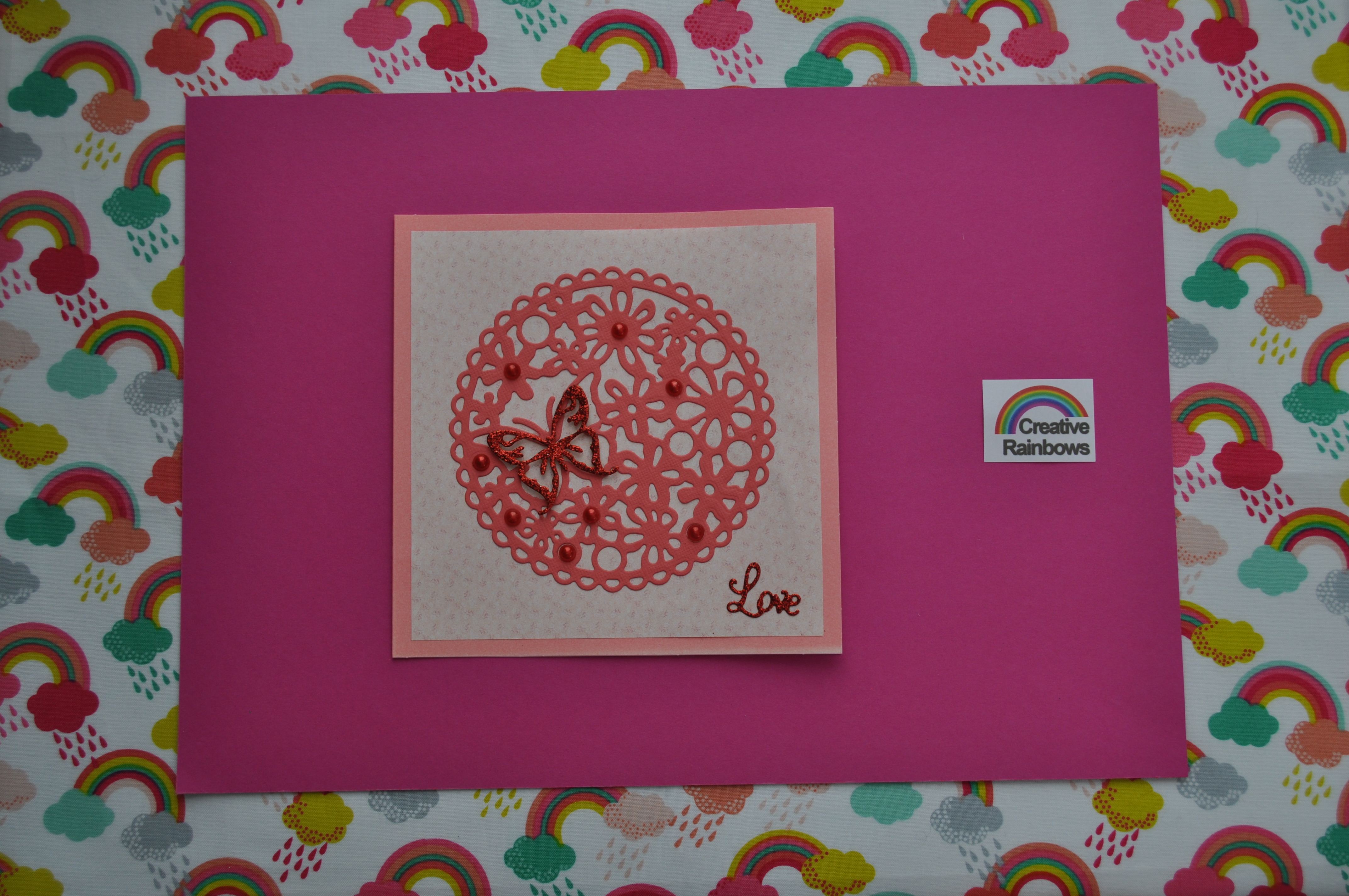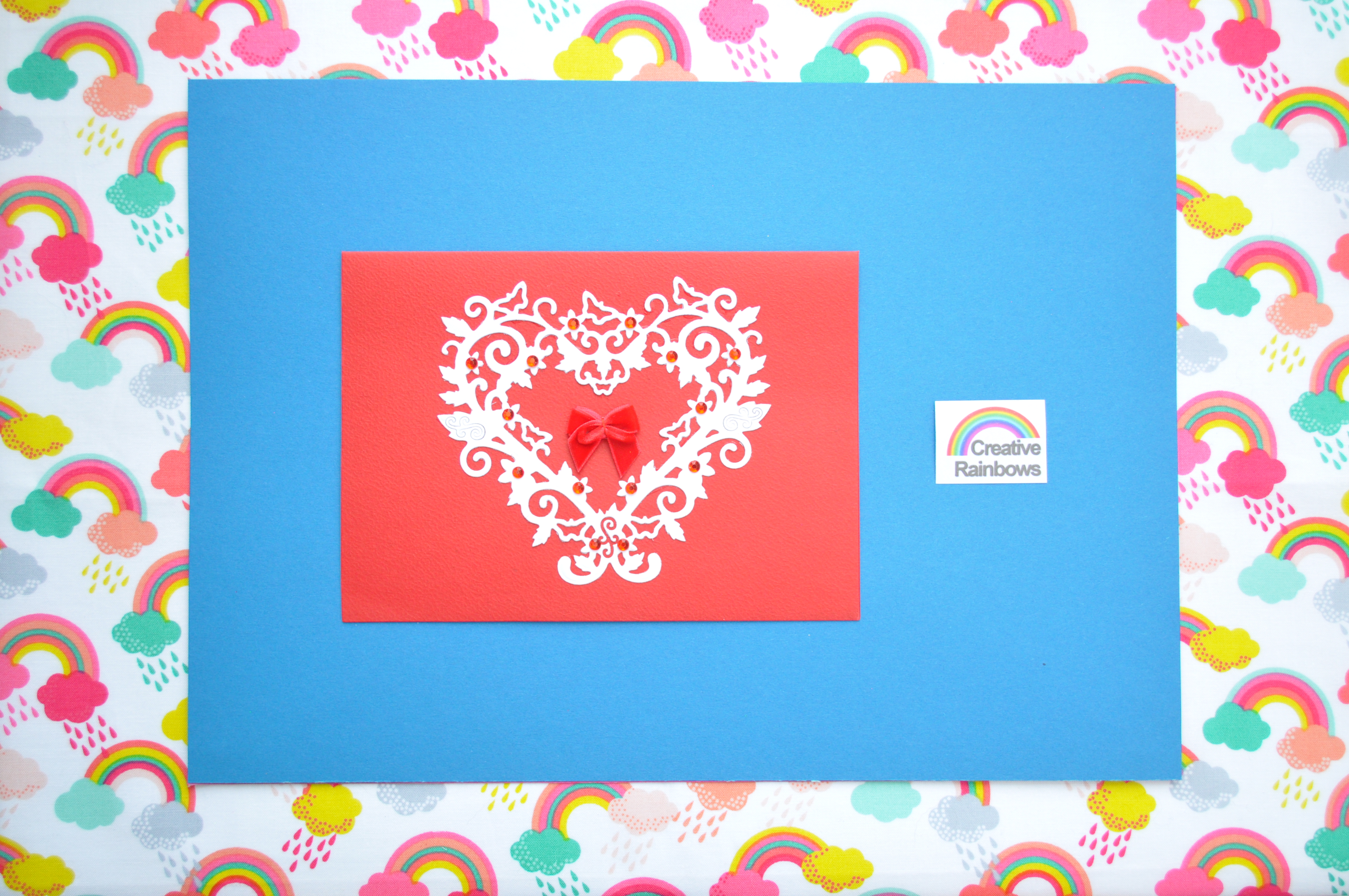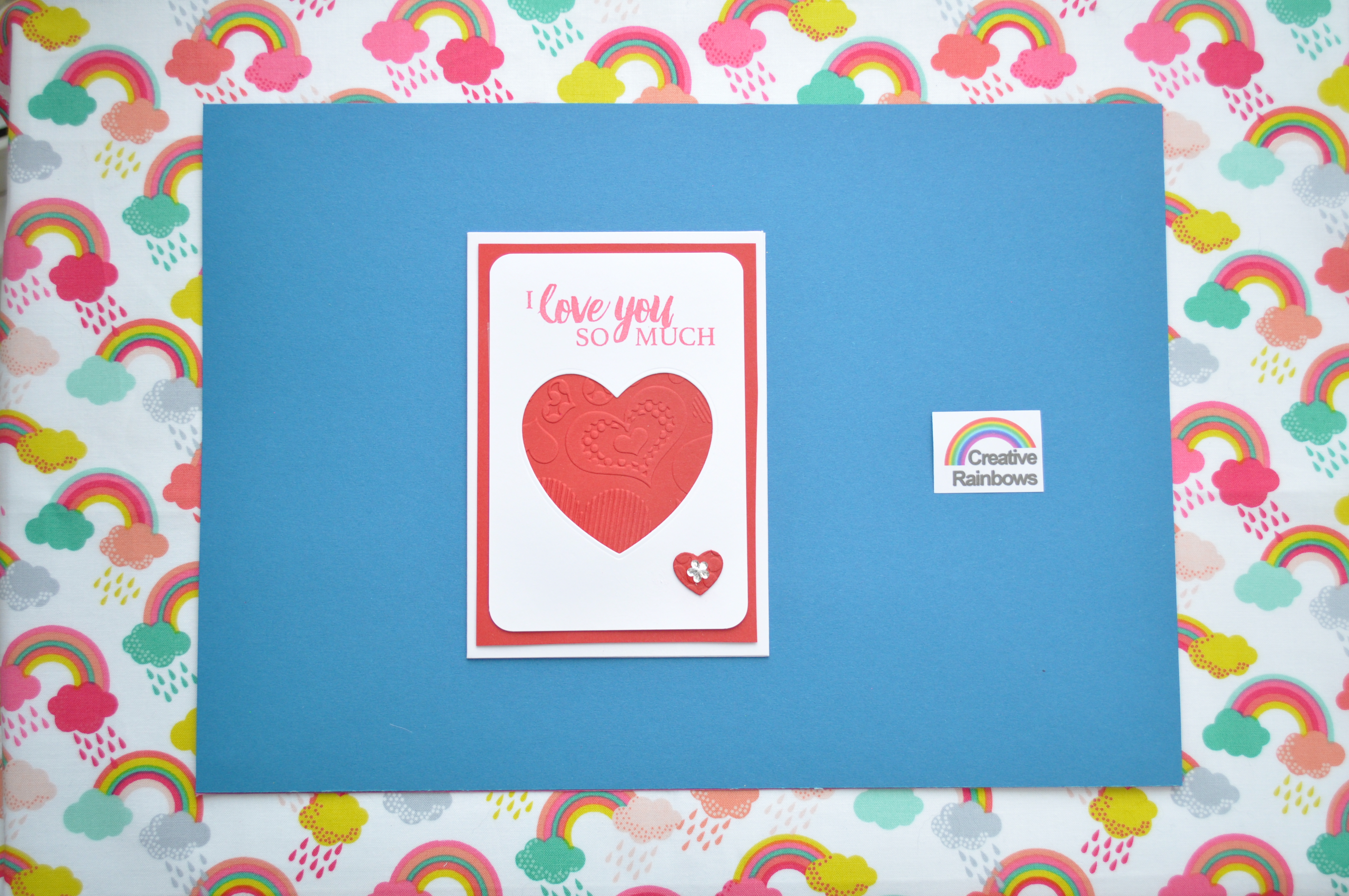 Brown card, red silver lace tape to left side with jewels, 6 mounted red heart shapes, red all my love |
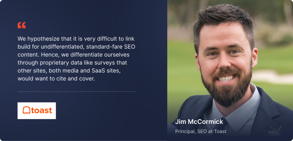 We hypothesize that it is very difficult to link build for undifferentiated, standard-fare SEO content. Hence, we differentiate ourselves through proprietary data like surveys that other sites, both media and SaaS sites, would want to cite and cover.
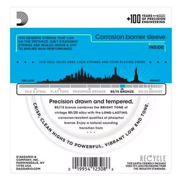 Las cuerdas D’Addario 85/15 Bronze EZ cuentan con una aleación de cobre y zinc especialmente formulada que brinda el tono vintage brillante de 80/20 con las cualidades de vida prolongada del bronce fosforado.

#### Task description
Reproduce word for word the lines from the line holding "We hypothesize that" through the last line of the material above, inclusive, and keep pictures out of it.

#### Response below
 We hypothesize that it is very difficult to link build for undifferentiated, standard-fare SEO content. Hence, we differentiate ourselves through proprietary data like surveys that other sites, both media and SaaS sites, would want to cite and cover.
 Las cuerdas D’Addario 85/15 Bronze EZ cuentan con una aleación de cobre y zinc especialmente formulada que brinda el tono vintage brillante de 80/20 con las cualidades de vida prolongada del bronce fosforado.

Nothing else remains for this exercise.